The latest b9296 release of llama.cpp continues its trend of broadening platform compatibility, making it a versatile tool for developers across various systems. Notably, this update includes support for macOS Apple Silicon with KleidiAI enabled, and expands its reach on Windows with CUDA 12 and 13 DLLs. The inclusion of ROCm 7.2 for Ubuntu x64 further enhances its utility for AMD GPU users. While there are no groundbreaking new features, the release solidifies llama.cpp's position as a go-to runtime for diverse hardware configurations, ensuring developers can leverage its capabilities across a wide array of environments.
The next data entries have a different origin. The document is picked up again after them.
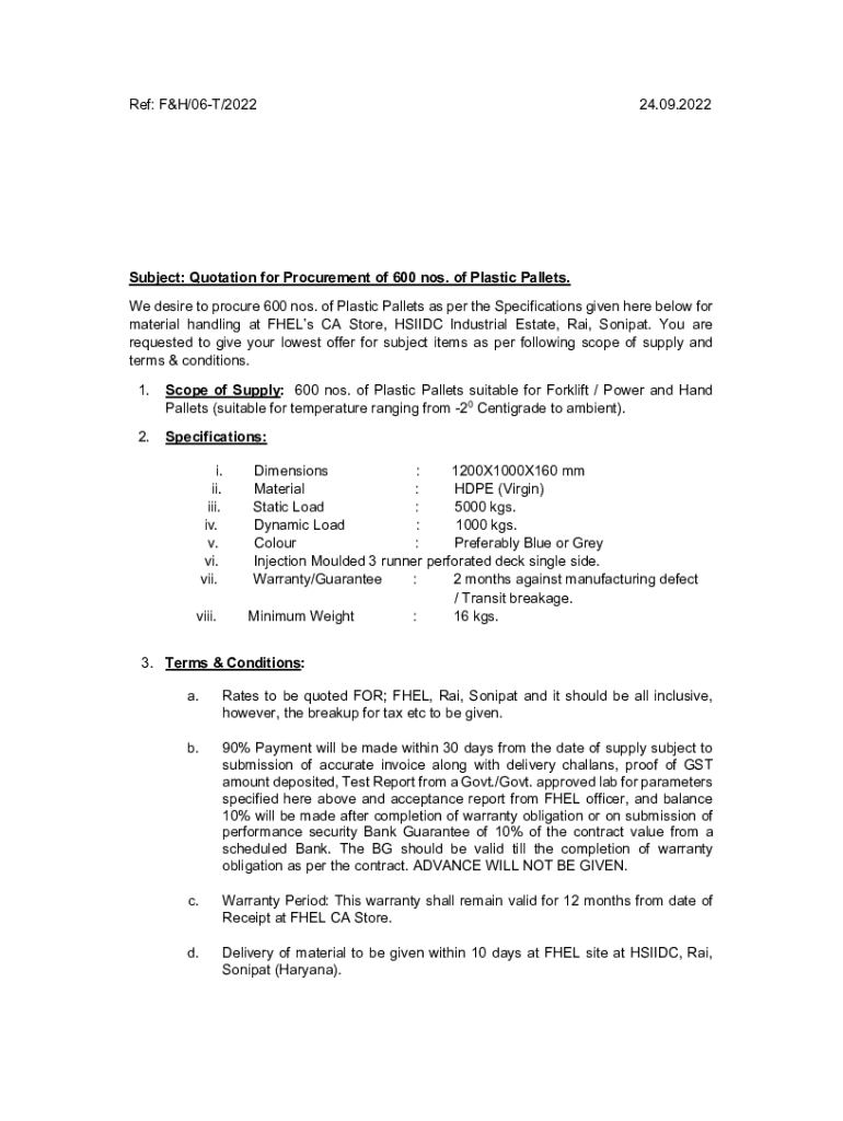 Ref: F&H/06T/202224.09.2022Subject: Quotation for Procurement of 600 nos. Of Plastic Pallets. We desire to procure 600 nos. Of Plastic Pallets as per the Specifications given here below for material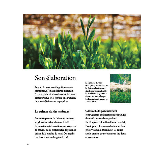 Les jeunes pousses de théiers apparaissent en général au début du mois d’avril. La plantation est alors entièrement recouverte de chaume ou de tentures afin de priver les théiers de la lumière du soleil. On appelle cela la culture « ombragée » du thé. Cette méthode, particulièrement contraignante, est le secret du goût unique des meilleurs matcha et gyokuro. En bloquant la lumière directe du soleil, l’astringence des tanins diminue et l’on préserve ainsi la théanine et les autres acides aminés pour obtenir un thé doux et savoureux.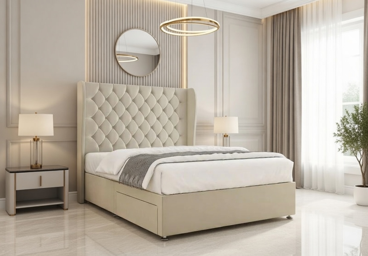 Transform your bedroom with the sophisticated and beautifully crafted Amelia Divan Bed. Expertly handmade in the UK using high-quality materials and components, this divan bed is designed to deliver exceptional comfort, durability, and long-lasting support. It fully complies with UK fire safety regulations, ensuring both quality and safety.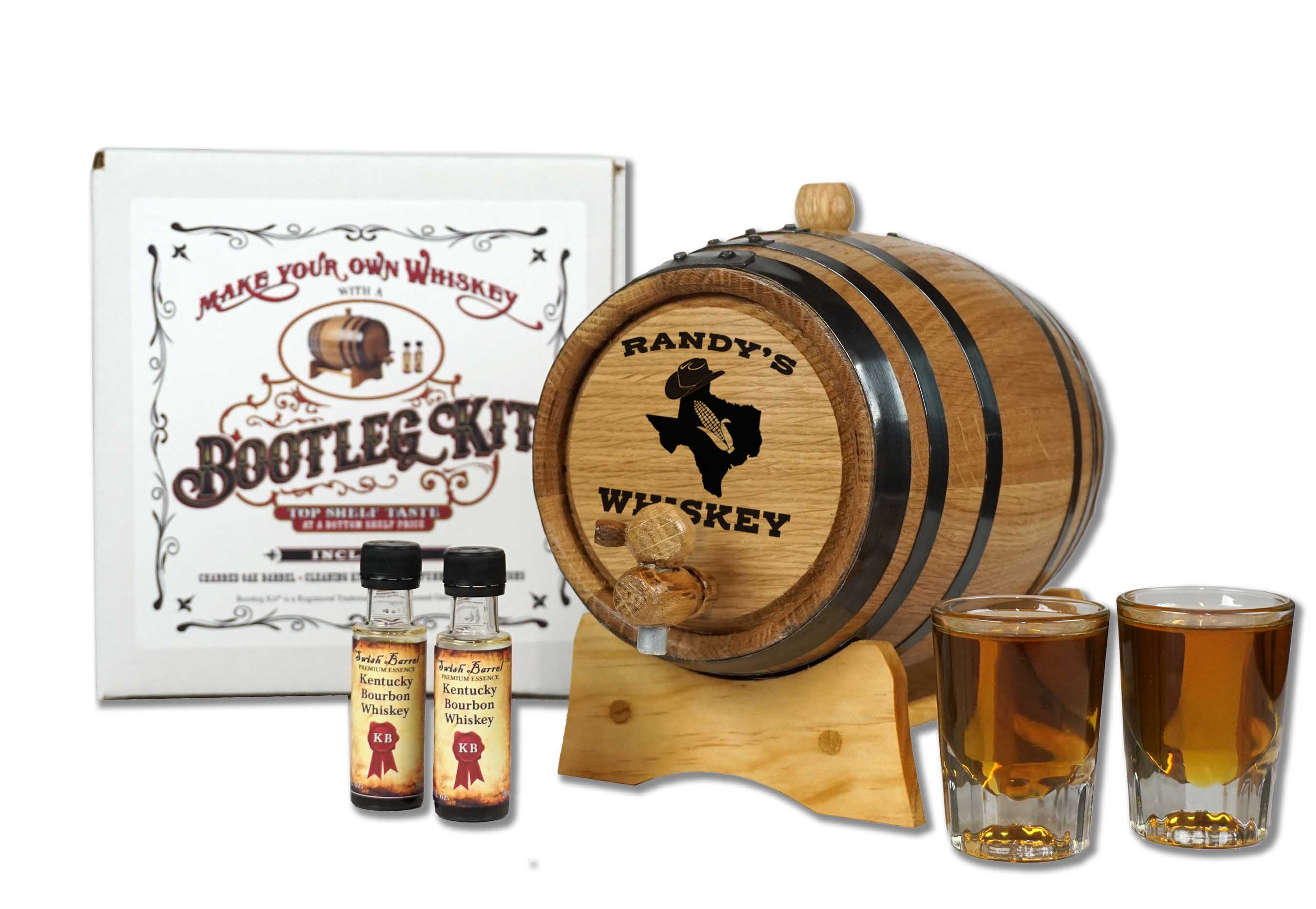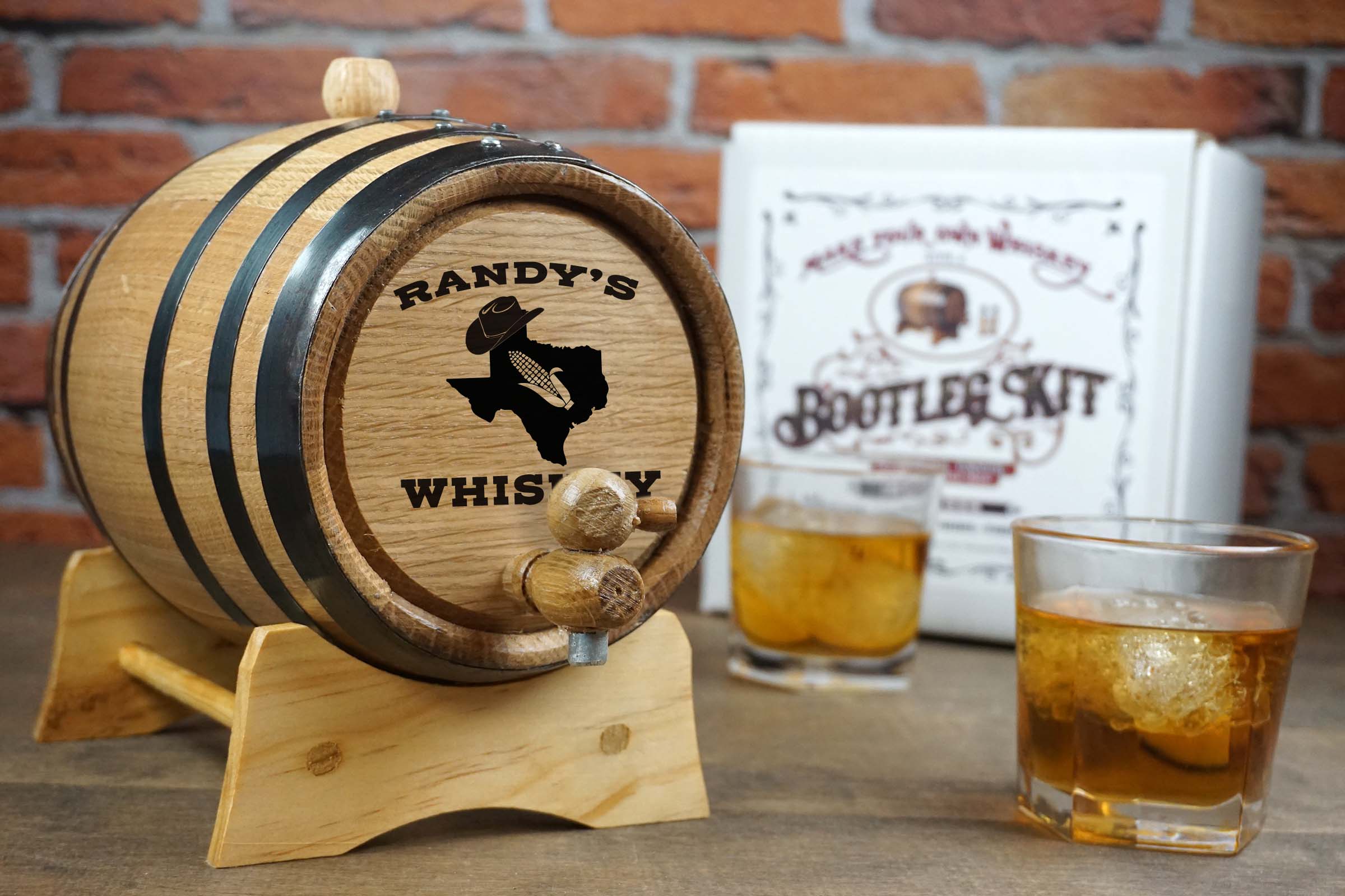 Personalized Bootleg Kit™. Make and age your own spirits with a Bootleg Kit™. The kit includes everything you need to make your finest spirit and age to perfection in a personalized American oak barrel. Simply select the spirit type, enter your personalized information, and select the size.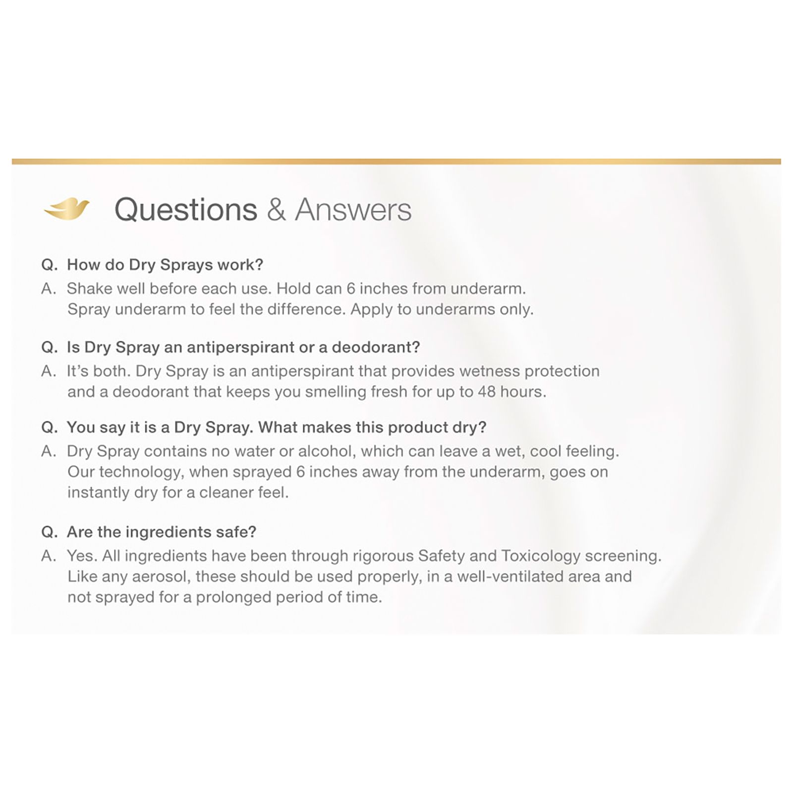Instructions for Use: To Use, Spray Each Underarm With Two Or Three Short Bursts From About 6 Inches Away. You Can Get Dressed Immediately And Start Your Day Right With This Convenient Dry Spray.

The b9283 release of llama.cpp tackles significant build issues, particularly enhancing support for Apple systems and ensuring proper installation of implementation libraries. By adding install functionality for shared libraries, the update prevents runtime errors that previously disrupted operations. Developers using macOS, Windows, and Linux can now expect more reliable performance, with specific improvements for Apple Silicon and KleidiAI. The update also addresses issues with CUDA and ROCm builds, reinforcing llama.cpp's stability. While no new features are introduced, this release is a crucial step in refining the software's cross-environment functionality.
The b9284 release of llama.cpp brings significant improvements to its compatibility and performance across different systems. With ROCm 7.2 now supported on Ubuntu x64, AMD GPU users can expect better performance. The update also resolves potential token collisions in the HybridDNA tokenizer, ensuring smoother text processing. On macOS Apple Silicon, KleidiAI is enabled by default, offering optimized performance without additional configuration. While no new models are introduced, the release strengthens llama.cpp's role as a versatile inference runtime, accommodating a wide range of operating environments.